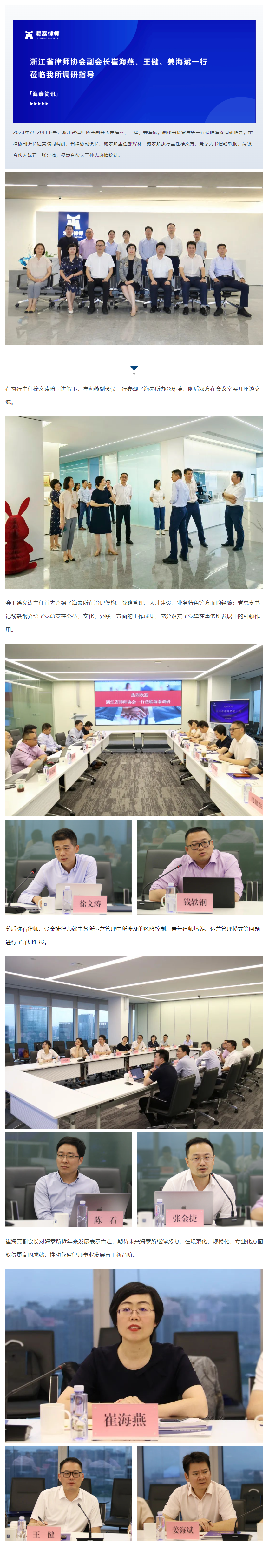 浙江省律师协会副会长崔海燕、王健、姜海斌一行莅临我所调研指导 | 海泰简讯
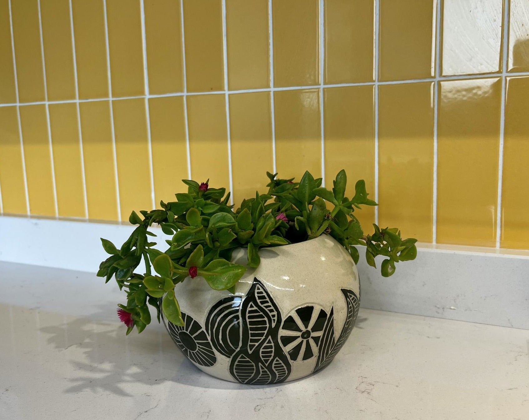 Maceta de cerámica artesanal esgrafiada con motivos floreales
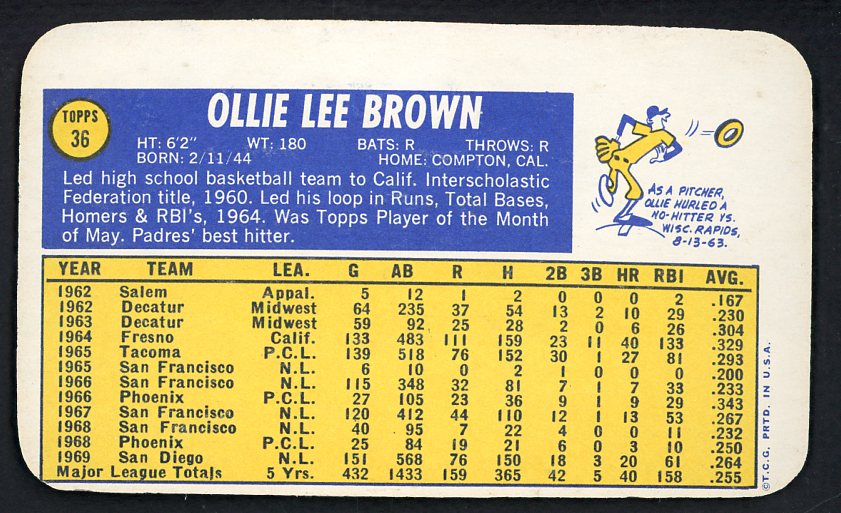 1970 Topps Baseball Supers #036 Ollie Brown Padres EX-MT 537150
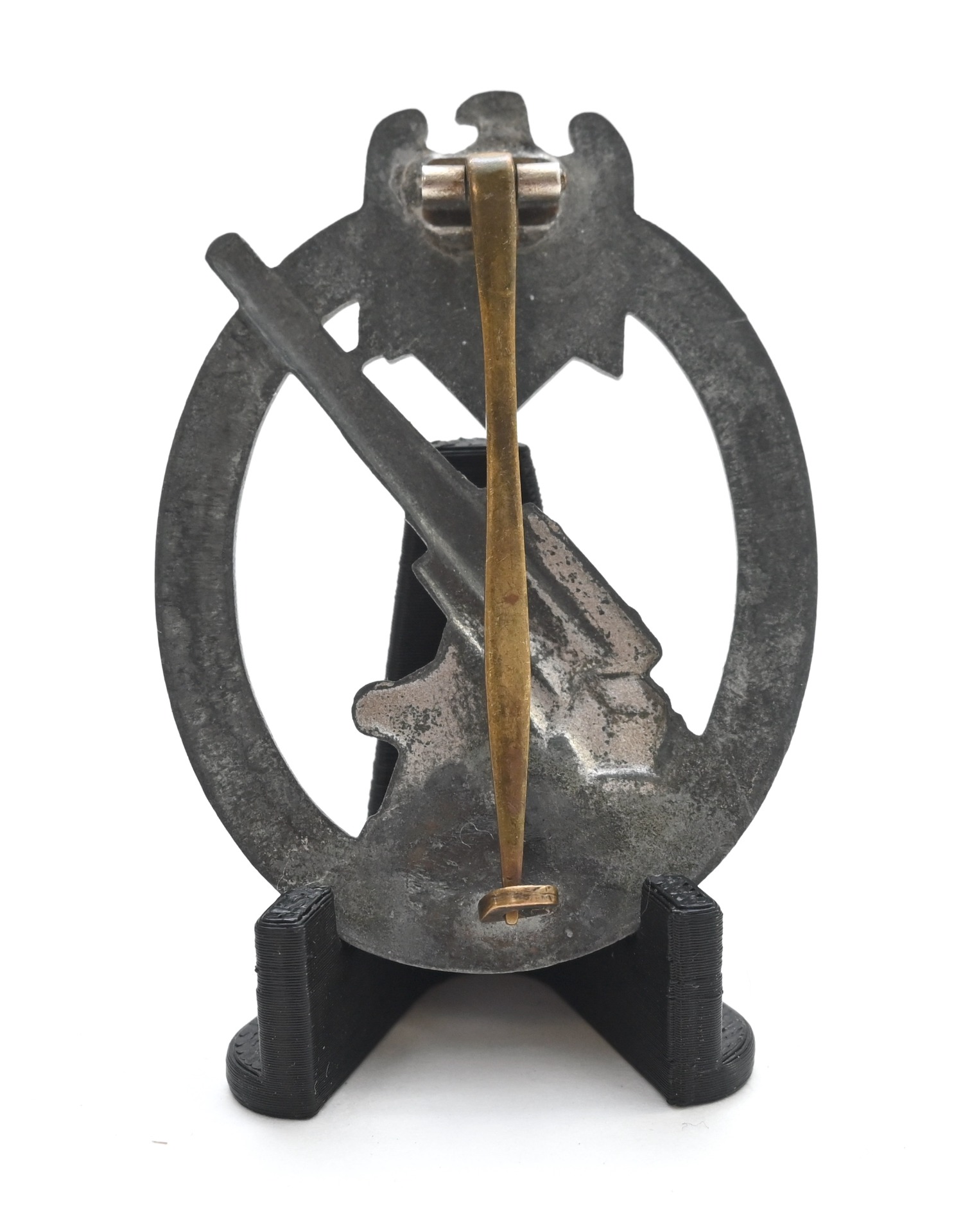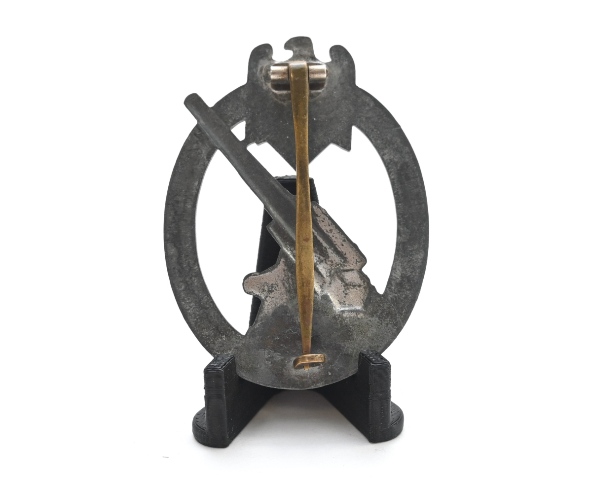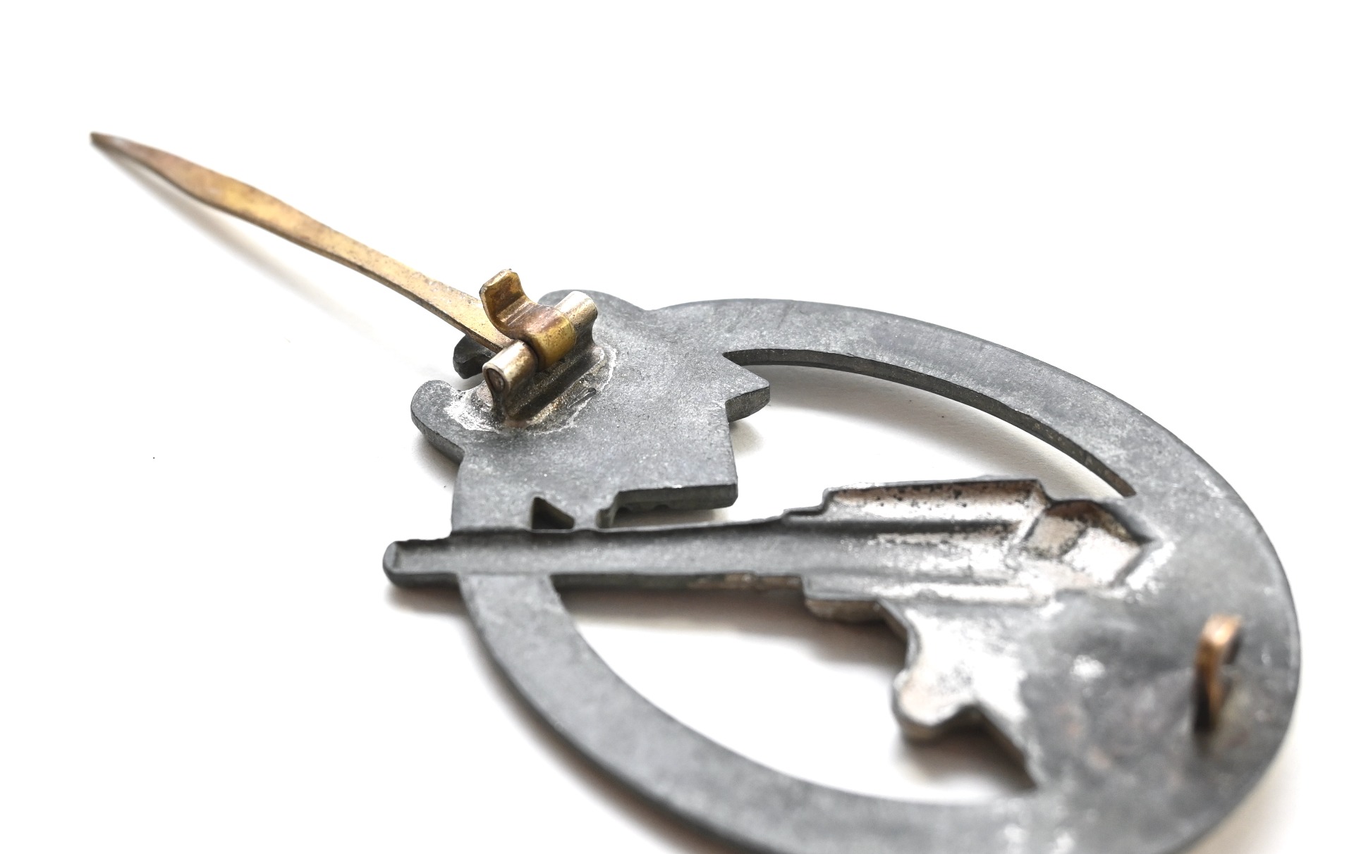 This zinc badge is in excellent condition and clear of damage. It's complete with working pin and catch. Not visible maker marked, but its closure design on the back is the typical for the maker 'Förster & Barth' from 'Pforzheim'.

Aim of the exercise:
Type out the data above again exactly as written, minus the images.

Answer box:
 浙江省律师协会副会长崔海燕、王健、姜海斌一行莅临我所调研指导 | 海泰简讯
 Maceta de cerámica artesanal esgrafiada con motivos floreales
 1970 Topps Baseball Supers #036 Ollie Brown Padres EX-MT 537150
 This zinc badge is in excellent condition and clear of damage. It's complete with working pin and catch. Not visible maker marked, but its closure design on the back is the typical for the maker 'Förster & Barth' from 'Pforzheim'.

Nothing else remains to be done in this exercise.